RE: TR35

From: Peter Constable (petercon@microsoft.com)
Date: Fri May 14 2004 - 08:30:56 CDT

  • Next message: Michael Everson: "Re: An apology (was: Everson-bashing)"

    > I am sorry I had misunderstood the whole discussion then.

    Your sarcasm isn't productive.

     
    > To me, documents encompassed any style of writings (and was broader).
    For
    > exemple, I believed that writing was invented 6 millenaries ago
    precisely
    > for accounting and trading, *not* with the Hamurabi codex or the
    Egyptian
    > hymns. But it appears I was wrong.

    If you get a clay tablet with some type of inventory on it and encode it
    digitally, presumably there are names of things, and numbers, perhaps
    also dates. Let's suppose you encode the text into a digital document.
    You assign a metadata tag indicating that the "language" (linguistic
    variety and writing system) is such-and-such.
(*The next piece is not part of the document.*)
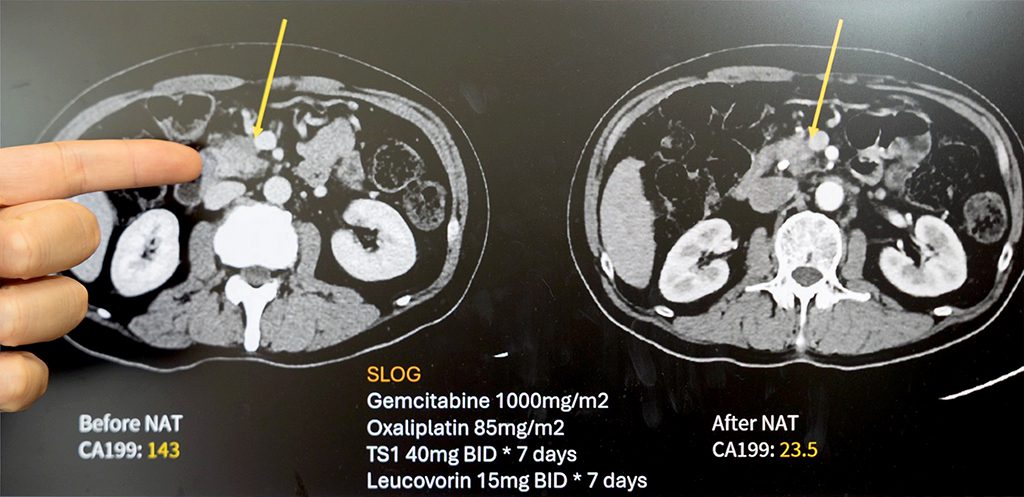 【記者吳玉惠/臺南報導】 62歲的王先生出現體重減輕與黃疸症狀,經檢查確診為胰臟癌。影像顯示腫瘤已侵犯門靜脈,屬於「邊界可切除」階段。過去此類病人往往難以直接接受手術,預後也較差。經成大醫院外科團隊多專科評估後,王先生接受「術前化學治療(Neoadjuvant Chemotherapy, NAC)」合併「擴大胰臟切除手術(Extended Pancreatectomy, EP)」。歷經四個月化療,腫瘤明顯縮小,順利完成合併血管重建的胰十二指腸切除術。術後追蹤兩年,病人恢復良好、生活如常。
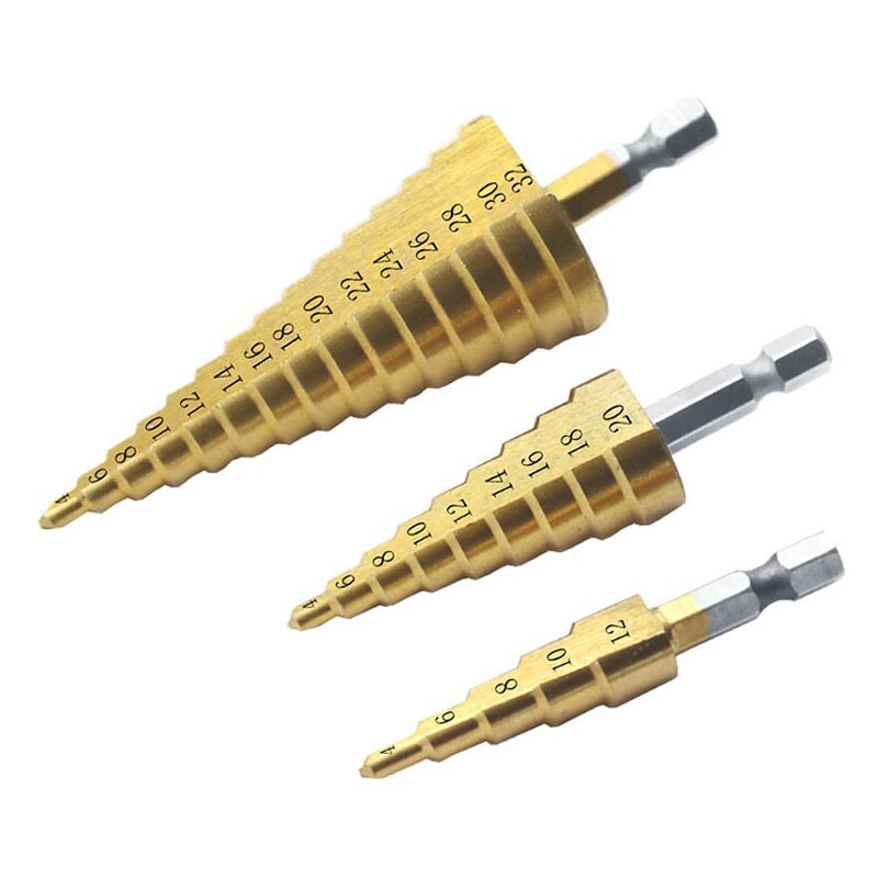 Materiale: acciaio rapido 4241 (adatto per parti con una durezza inferiore a 25°, come l'acciaio al carbonio Specifiche: 4-12 mm (5 fasi: 4, 6, 8, 10, 12 mm) 4-20 mm (9 passi: 4, 6, 8, 10, 12, 14, 16, 18, 20 mm) < p>4-32 mm (passo 15: 4, 6, 8, 10, 12, 14, 16, 18, 20, 22, 24, 26, 28, 30, 32 mm) Trattamento superficiale: titanio placcatura

How would it be useful to
    also assign metadata to indicate what the number format is?

     
    > > If something is going on internal to proprietary software, then
    there
    > > are no rules.
    >
    > I also missed that the difference between language ids and locale ids
    only
    > mattered when used in public documents in published standardized
    formats,
    > and that private formats or any out-of-band tags, persistant or not,
    are
    > irrelevant here.

    If something is internal to your process, who cares but you what is
    happening? You could use 0x0041 to mean "B" and 0x0042 to mean "A";
    that's your business. You can still claim conformance to Unicode as long
    as you do not emit that publicly, or apply those interpretations to
    characters you receive from another source. Same here. The example was a
    software process, and inside that process you could be using "en" to
    mean "mm/dd/yy" date formatting, and if it's only going on internally,
    then that's your business.

     
    > So please ignore my points.
    > Of course when we consider only the legal texts where all months shall
    be
    > in
    > full letters, all quantities spelled twice, one with numbers and the
    > other
    > with letters...

    I can only say this quite misconstrues anything I have said.